[Start of section]

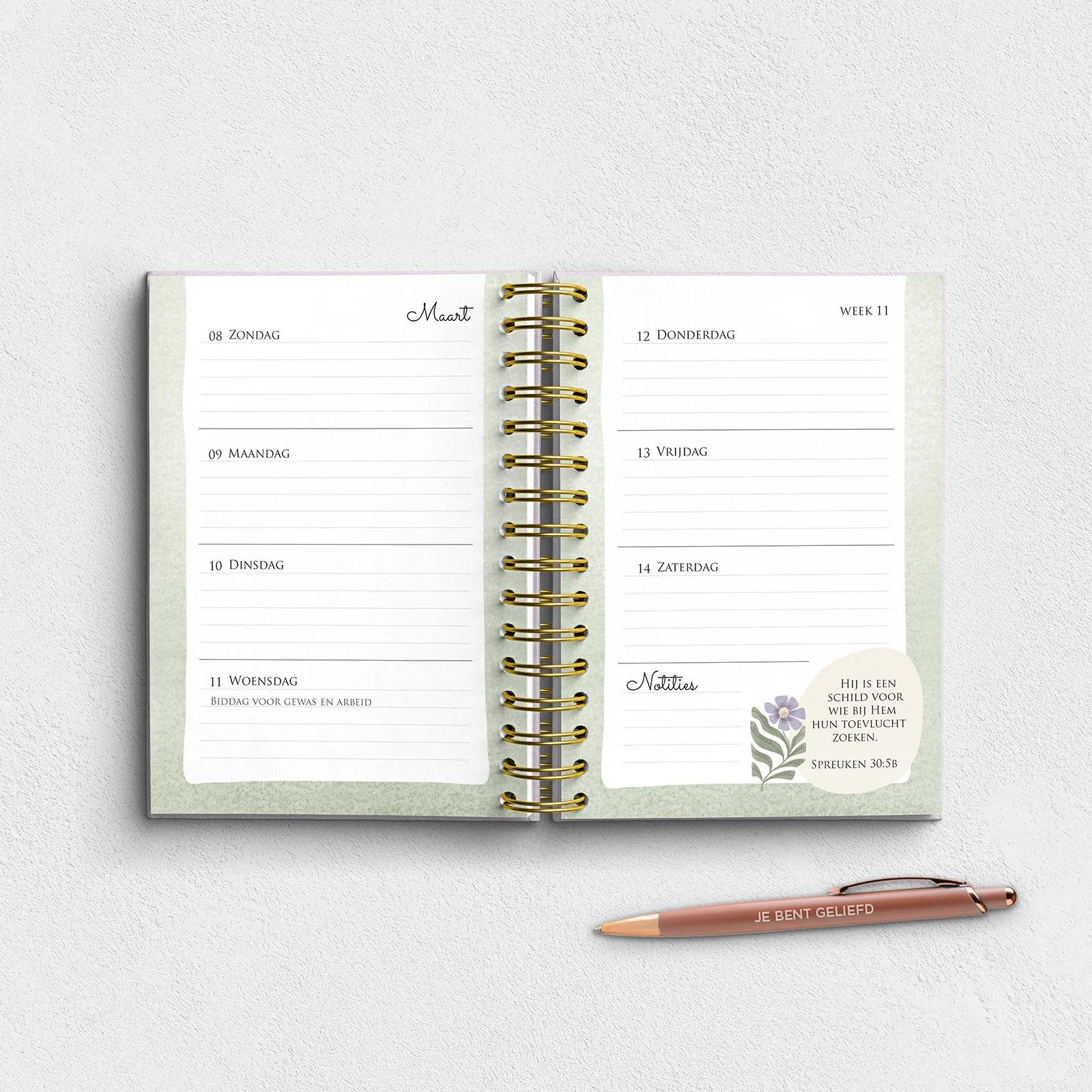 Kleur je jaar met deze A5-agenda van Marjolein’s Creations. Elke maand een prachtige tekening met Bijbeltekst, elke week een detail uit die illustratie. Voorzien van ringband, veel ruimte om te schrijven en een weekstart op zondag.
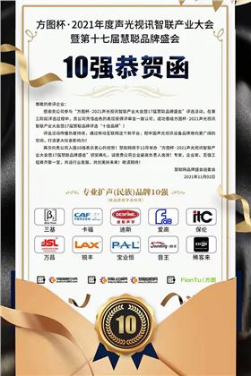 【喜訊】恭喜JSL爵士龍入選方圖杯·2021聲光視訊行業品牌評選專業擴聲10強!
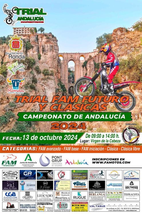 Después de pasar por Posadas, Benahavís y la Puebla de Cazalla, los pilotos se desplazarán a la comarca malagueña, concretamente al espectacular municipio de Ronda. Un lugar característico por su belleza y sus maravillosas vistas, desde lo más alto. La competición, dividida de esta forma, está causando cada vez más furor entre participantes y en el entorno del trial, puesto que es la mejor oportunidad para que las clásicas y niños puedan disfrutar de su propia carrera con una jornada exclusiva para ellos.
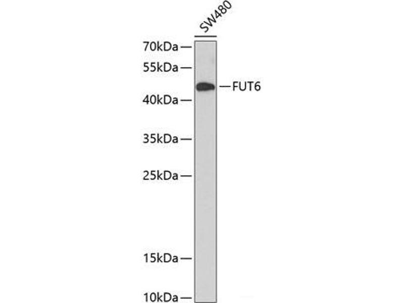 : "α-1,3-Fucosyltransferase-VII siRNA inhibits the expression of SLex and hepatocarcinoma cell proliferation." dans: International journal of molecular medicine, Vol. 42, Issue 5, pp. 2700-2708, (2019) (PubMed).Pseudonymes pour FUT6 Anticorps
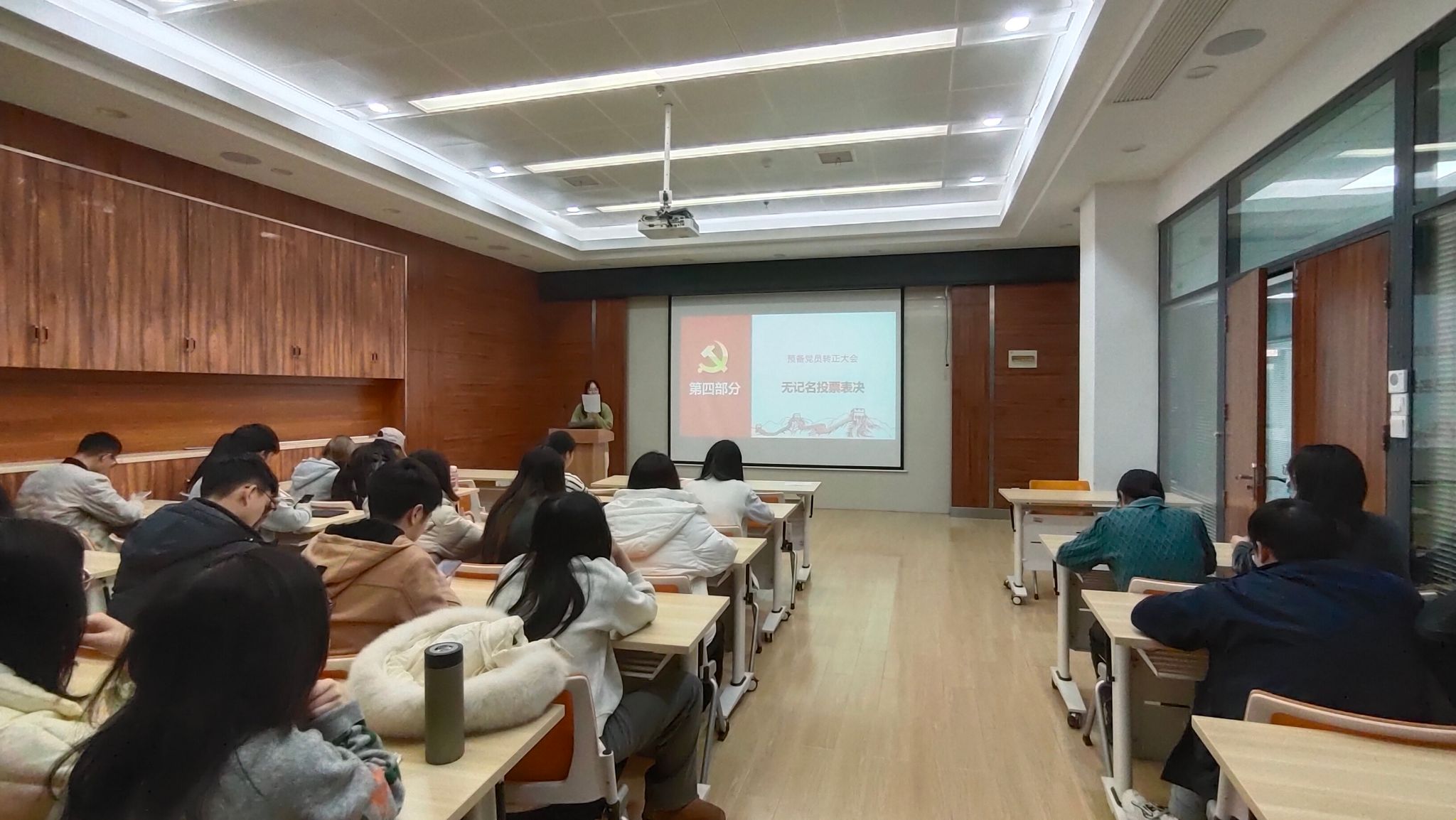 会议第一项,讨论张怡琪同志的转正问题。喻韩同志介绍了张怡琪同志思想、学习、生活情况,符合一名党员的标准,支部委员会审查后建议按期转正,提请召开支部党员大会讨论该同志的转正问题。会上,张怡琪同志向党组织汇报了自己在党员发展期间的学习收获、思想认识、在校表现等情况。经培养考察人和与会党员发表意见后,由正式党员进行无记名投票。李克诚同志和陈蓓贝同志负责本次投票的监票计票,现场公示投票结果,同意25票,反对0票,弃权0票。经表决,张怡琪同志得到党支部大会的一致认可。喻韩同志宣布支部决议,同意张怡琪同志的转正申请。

[End of section]
[Start of section]

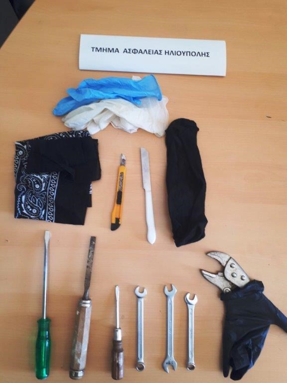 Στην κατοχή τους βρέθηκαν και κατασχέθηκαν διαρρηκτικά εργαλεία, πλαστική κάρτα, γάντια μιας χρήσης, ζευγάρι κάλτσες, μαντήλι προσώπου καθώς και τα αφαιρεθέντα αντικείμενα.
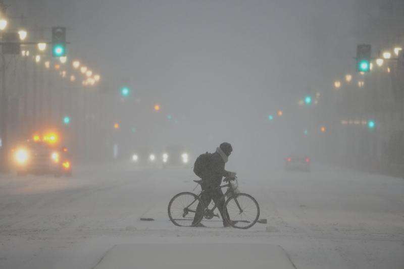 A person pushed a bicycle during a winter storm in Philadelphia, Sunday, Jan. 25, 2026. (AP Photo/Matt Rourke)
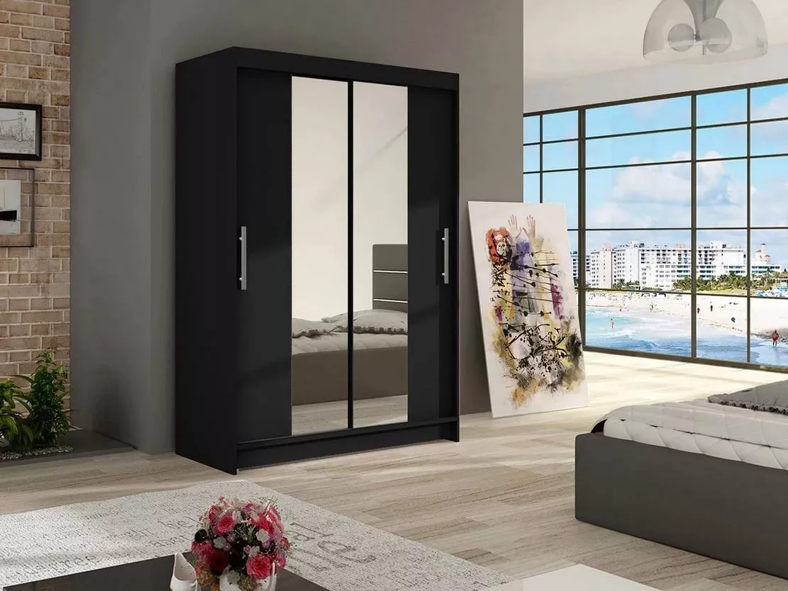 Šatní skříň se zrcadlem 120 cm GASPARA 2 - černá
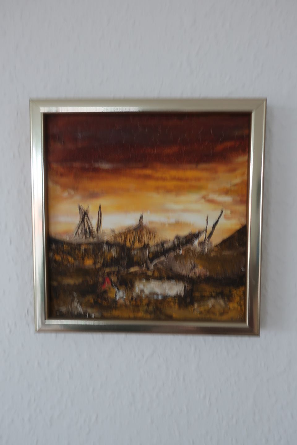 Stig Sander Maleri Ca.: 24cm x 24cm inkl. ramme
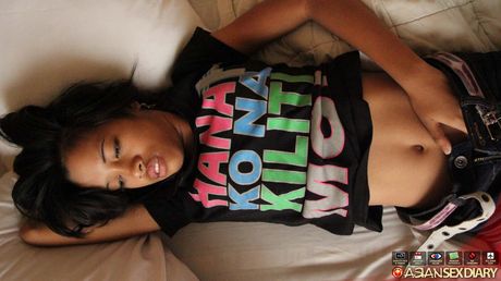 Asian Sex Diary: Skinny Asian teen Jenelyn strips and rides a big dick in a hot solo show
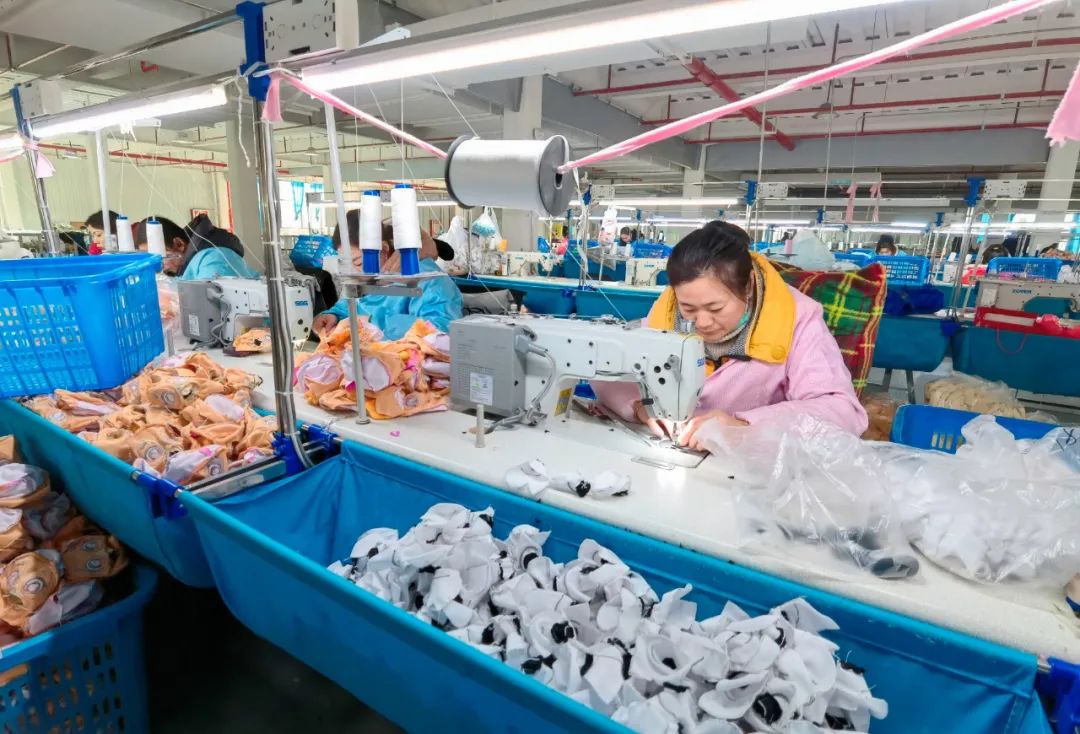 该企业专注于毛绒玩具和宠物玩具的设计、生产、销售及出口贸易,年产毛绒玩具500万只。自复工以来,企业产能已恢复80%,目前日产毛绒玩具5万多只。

[End of section]
[Start of section]

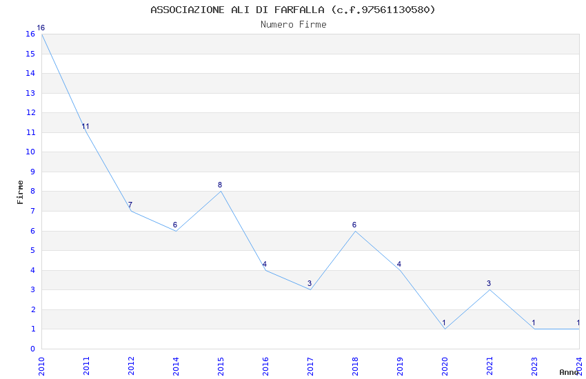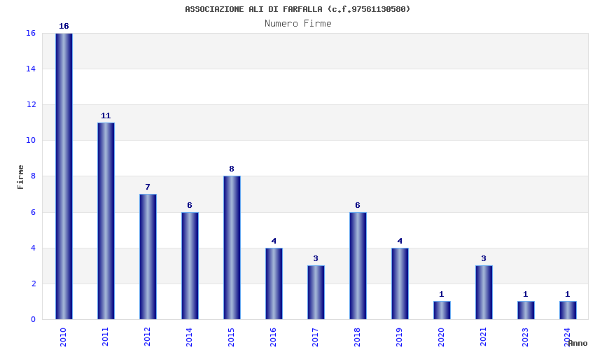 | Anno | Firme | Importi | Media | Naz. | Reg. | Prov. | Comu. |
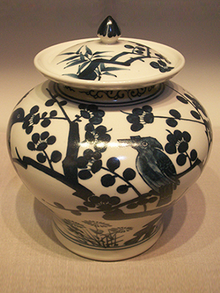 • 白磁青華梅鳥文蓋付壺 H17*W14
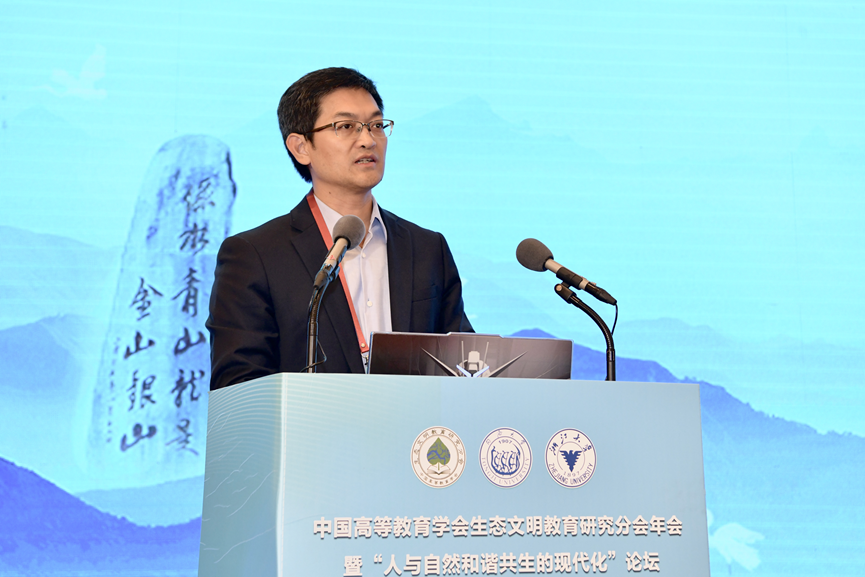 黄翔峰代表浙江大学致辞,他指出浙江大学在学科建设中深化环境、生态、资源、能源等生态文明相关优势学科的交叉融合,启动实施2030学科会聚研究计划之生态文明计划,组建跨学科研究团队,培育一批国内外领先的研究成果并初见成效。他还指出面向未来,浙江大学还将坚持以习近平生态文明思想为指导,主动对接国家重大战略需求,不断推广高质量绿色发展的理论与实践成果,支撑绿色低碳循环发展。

[End of section]

Aim of the task ▸ Using the listing above, reproduce word for word every line from the one containing "Στην κατοχή τους" through the one containing "该企业专注于毛绒玩具和宠物玩". Pictures must be left out.

Task answer ▸
 Στην κατοχή τους βρέθηκαν και κατασχέθηκαν διαρρηκτικά εργαλεία, πλαστική κάρτα, γάντια μιας χρήσης, ζευγάρι κάλτσες, μαντήλι προσώπου καθώς και τα αφαιρεθέντα αντικείμενα.
 A person pushed a bicycle during a winter storm in Philadelphia, Sunday, Jan. 25, 2026. (AP Photo/Matt Rourke)
 Šatní skříň se zrcadlem 120 cm GASPARA 2 - černá
 Stig Sander Maleri Ca.: 24cm x 24cm inkl. ramme
 Asian Sex Diary: Skinny Asian teen Jenelyn strips and rides a big dick in a hot solo show
 该企业专注于毛绒玩具和宠物玩具的设计、生产、销售及出口贸易,年产毛绒玩具500万只。自复工以来,企业产能已恢复80%,目前日产毛绒玩具5万多只。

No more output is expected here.